Notably, the FDA’s work on RWE for regulatory decision making has taken years of effort by a large, dedicated team of experts, as well as extensive engagement with external experts and stakeholders and multiple public meetings. It is reasonable to expect that Medicare decision making will require similar effort, expertise, and resources. The field would also benefit from consideration of best practices in the use of RWE for payer decision making.

Exploring A CMS Opt-Out To The Original MCIT Approach

As noted, expanding CMS capacity to provide advice on trial design and the development of RWE guidance will require significant time and resources, and it is unclear to what extent these efforts alone will address concerns about the timeliness and predictability of the Medicare coverage process. Thus, it is also worth considering possible adaptations to the MCIT framework. One approach to consider would involve designating a specified period after FDA approval for CMS to opt-out of default automatic coverage. For example, CMS could determine within, say, three months, whether studies conducted for FDA decision making enrolled enough patients reflecting the older, sicker Medicare population, whether the studies reported clinically meaningful outcomes, and whether there remained significant uncertainty regarding a product’s safety.
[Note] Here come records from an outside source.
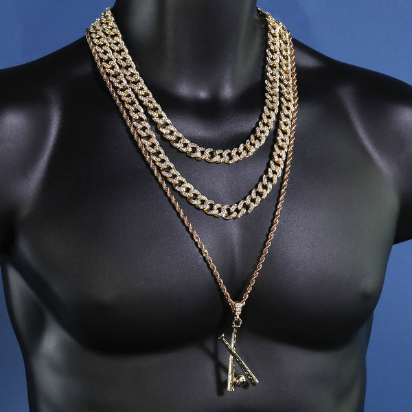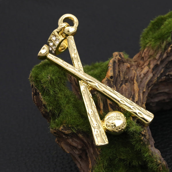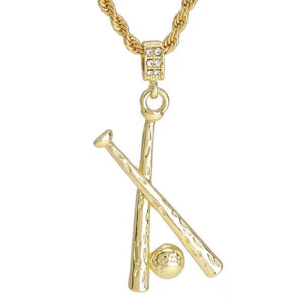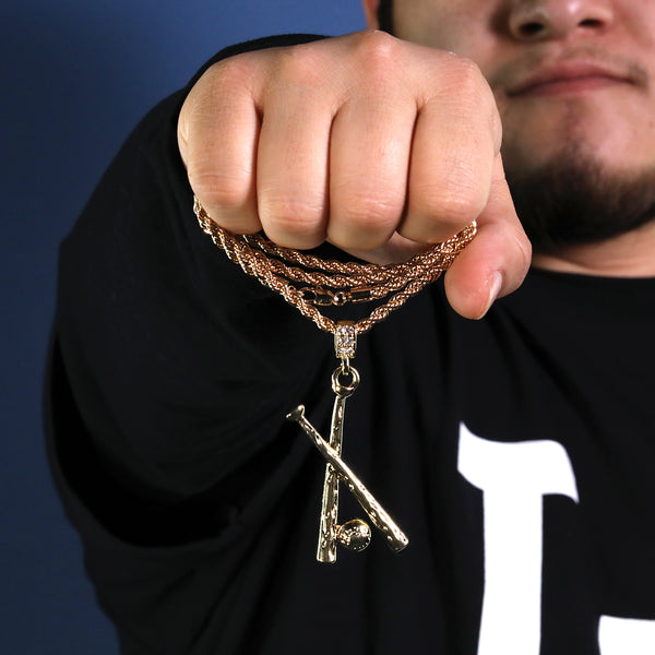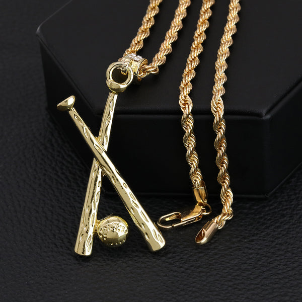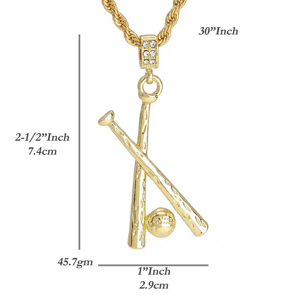 Baseball & Bat Pendant 30" Rope Chain Hip Hop Style 18k Gold Plated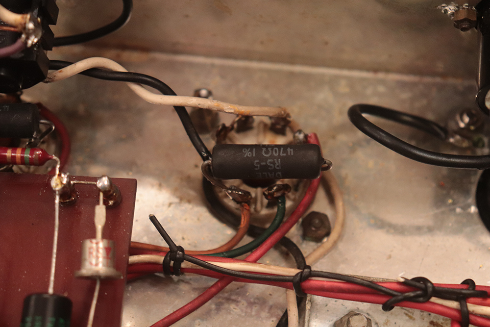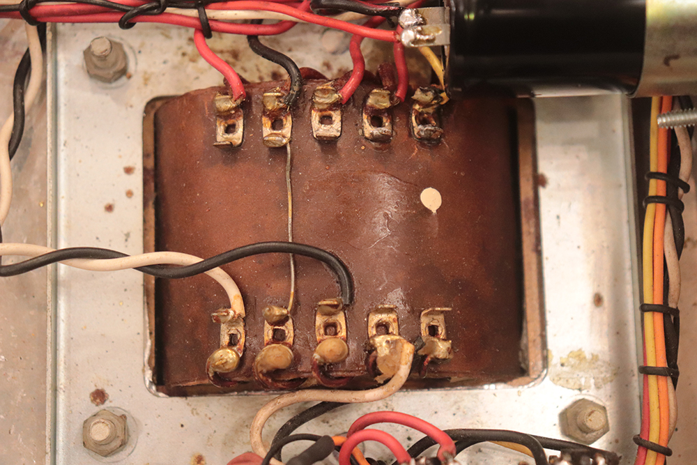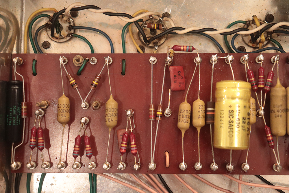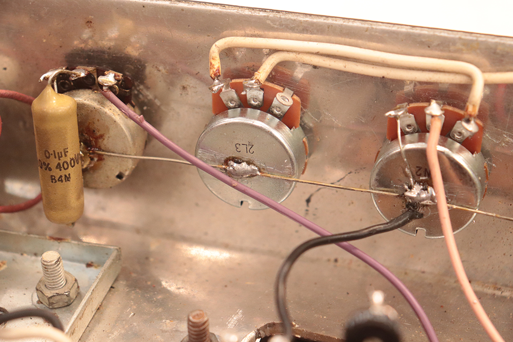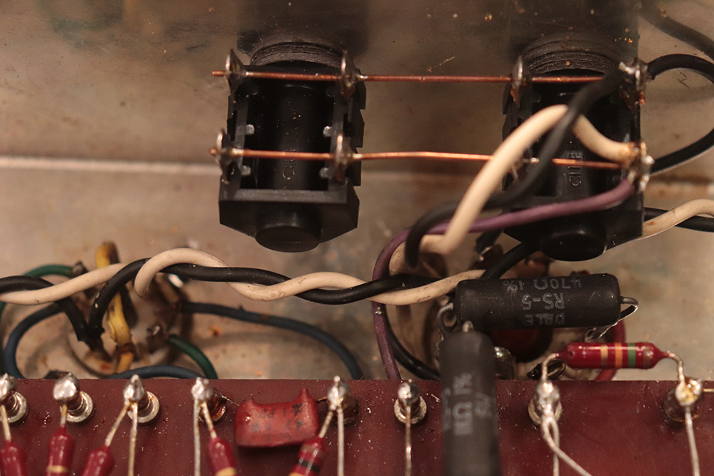 62年のマーシャル・アンプの登場から続いた、ホワイト・カラーのフロント・パネルの最終期の機体です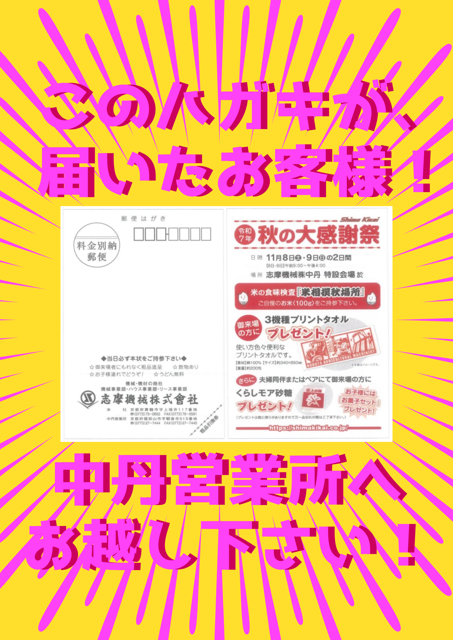 福知山エリアでは、11月8日(土)・9日(日)の2日間、【秋の大感謝祭】を開催します。福知山エリアの感謝祭では、これからの季節に欠かせない農業機械やスマート農業を目指した農業用ドローン等も多数展示します。農業のプロとして、皆様のお役に立てるような商品を提案させていただきます。またお客様がご使用されている大切な機械の修理や整備依頼についてもお受けしておりますので、なんなりとお申し付けください。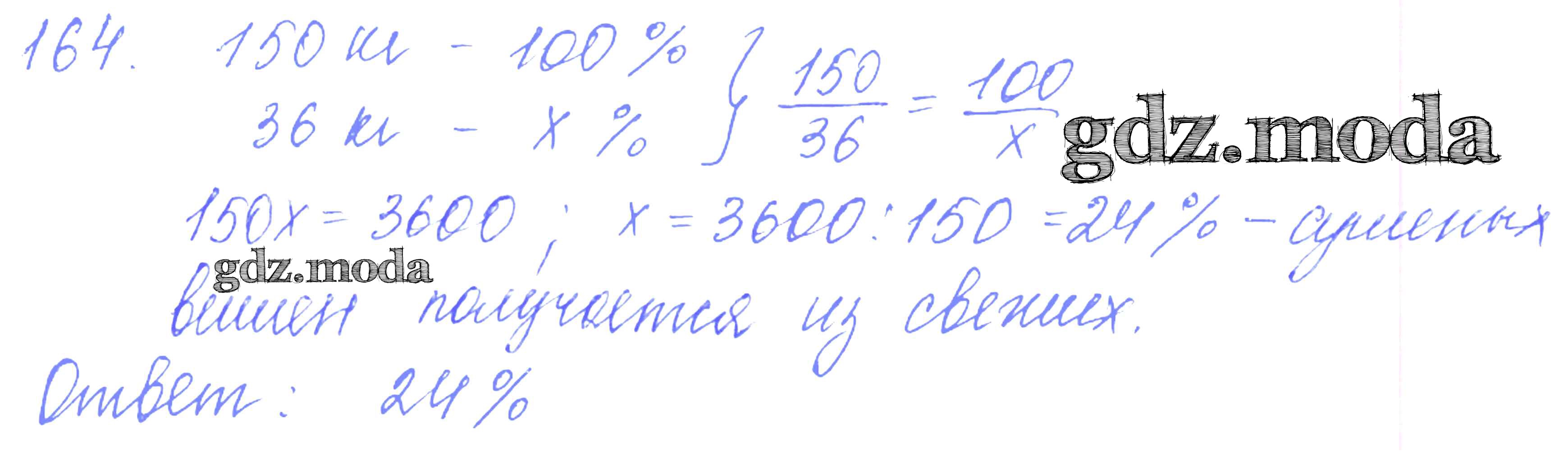 ГДЗ решение к заданию № 164 Математика 6 класс дидактические материалы Чесноков А.С. Академкнига 2014 ФГОС бесплатно на гдз.мода!
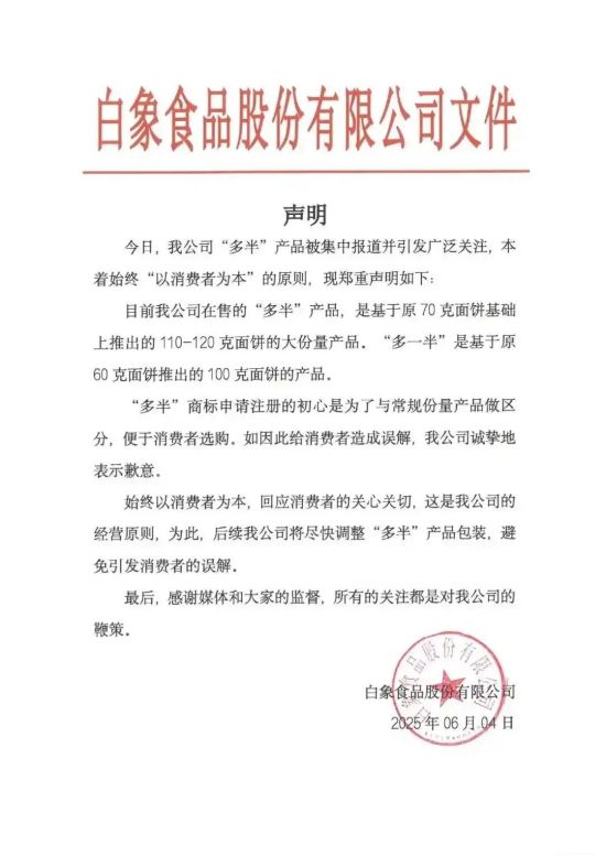 今日,我公司“多半”產(chǎn)品被集中報道并引發(fā)廣泛關注,本著始終“以消費者為本”的原則,現(xiàn)鄭重聲明如下:目前我公司在售的“多半”產(chǎn)品,是基于原70克面餅基礎上推出的110-120克面餅的大份量產(chǎn)品。“多一半”是基于原60克面餅推出的100克面餅的產(chǎn)品。“多半”商標申請注冊的初心是為了與常規(guī)份量產(chǎn)品做區(qū)分,便于消費者選購。如因此給消費者造成誤解,我公司誠摯地表示歉意。始終以消費者為本,回應消費者的關心關切,這是我公司的經(jīng)營原則,為此,后續(xù)我公司將盡快調(diào)整“多半”產(chǎn)品包裝,避免引發(fā)消費者的誤解。最后,感謝媒體和大家的監(jiān)督,所有的關注都是對我公司的鞭策。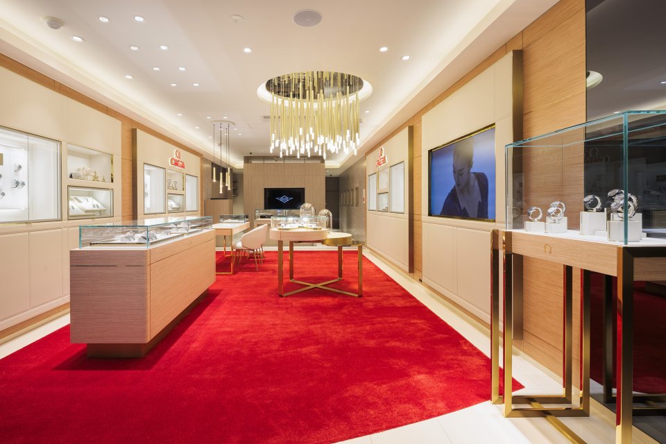 エントランスのドアを開けると、これからはじまる眩い時間を象徴するようなレッド、ホワイト、ゴールドのカラーで満たされたオメガの空間がお客様をお迎えいたします。鮮やかなレッドカーペットを敷いたフロアには、ゼブラウッドと上品なペールグレーのレザーを使用したショーケースにオメガを象徴する4つのコレクション “シーマスター”、“スピードマスター”、“コンステレーション”、“デ・ヴィル”のタイムピースが美しくディスプレイされ、時計を選ぶ楽しさを心ゆくまで感じていただけます。
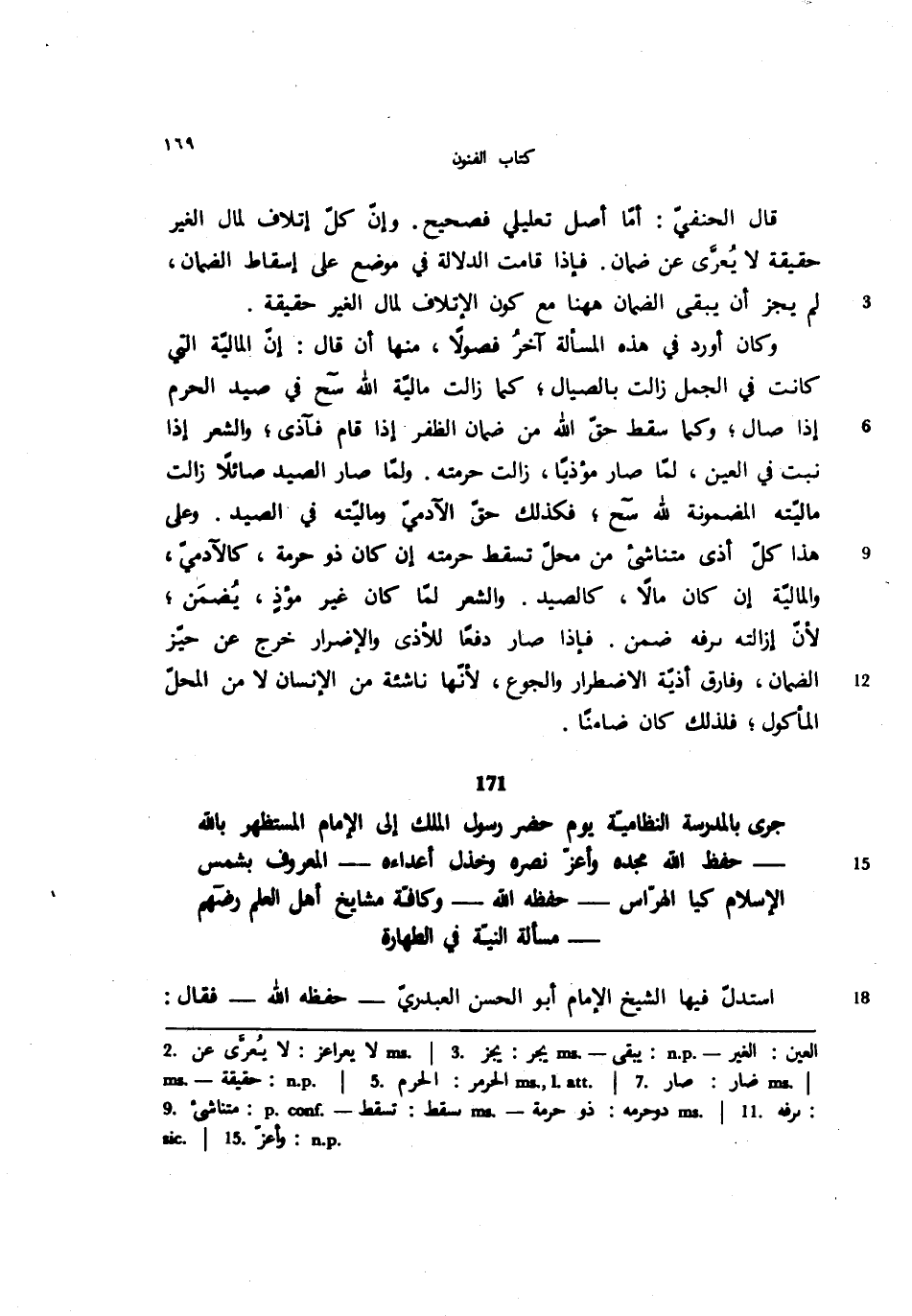 171 - جرى بالمدرسة النظامية يوم حضر رسول الملك إلى الإمام المستظهر بالله-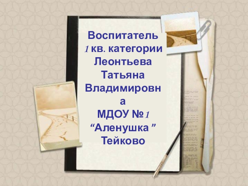 Воспитатель1 кв. категорииЛеонтьеваТатьянаВладимировнаМДОУ №1“Аленушка”ТейковоВоспитатель1 кв. категорииЛеонтьеваТатьянаВладимировнаМДОУ №1“Аленушка ”Тейково

For technologies with relatively minor gaps in evidence, product developers could propose one or more study designs for post-coverage studies to CMS, to be completed during a transitional coverage period. Ideally, post-coverage studies to address uncertainties would leverage real-world data, using the latest tools and methods. If CMS deems evidence gaps sufficiently large, it could determine that the product was not eligible for expedited coverage through the transitional coverage program.

Ensuring Adequate Resources For CMS

In the longer term, proposed reforms to the Medicare coverage process will require additional CMS expertise. Given the increase in novel study designs, richer data sources, and more sophisticated analytic techniques, CMS would benefit from additional staff with relevant expertise in clinical research, trial design, epidemiology, and biostatistics. Potential sources of consultative expertise to support this work include staff at the FDA, the National Institutes of Health, and the Agency for Healthcare Research and Quality (AHRQ), as well as researchers at academic medical centers. Experts from AHRQ-funded Evidence-based Practice Centers could also help draft relevant guidance document and staff early advice meetings, particularly if the number of requests increases with the number of devices obtaining breakthrough designations. A key challenge for existing and future CMS staff and consultants will be to offer analysis and advice that balances methodological rigor with the inevitable uncertainty inherent to the TCET policy goal of promoting faster access to promising, novel technologies.

Conclusions

TCET offers an opportunity to improve the Medicare coverage process for new technologies. A new conceptual framework, particularly for technologies covering serious illness where there is unmet need, is needed, as well as a focus on key operational changes. Implementing reforms will likely continue for several years after rulemaking is completed and will require substantial expertise and resources.

Patients want more access to promising technologies, and innovators and investors want more predictable and transparent rules to reduce reimbursement uncertainty. But these desires must be balanced against the need to ensure that technologies are supported by robust evidence. Crafting polices and program reforms that achieve an appropriate balance is an enduring challenge and should be guided by carefully evaluating past efforts with similar policy objectives.

Authors’ Note

This article is adapted from a White Paper by the authors on Medicare coverage of emerging technologies that was supported by a consortium of medical devices companies, including Medtronic, Edwards Lifesciences, and Grail. The views expressed are those of the authors and do not necessarily reflect the views of others at these organizations.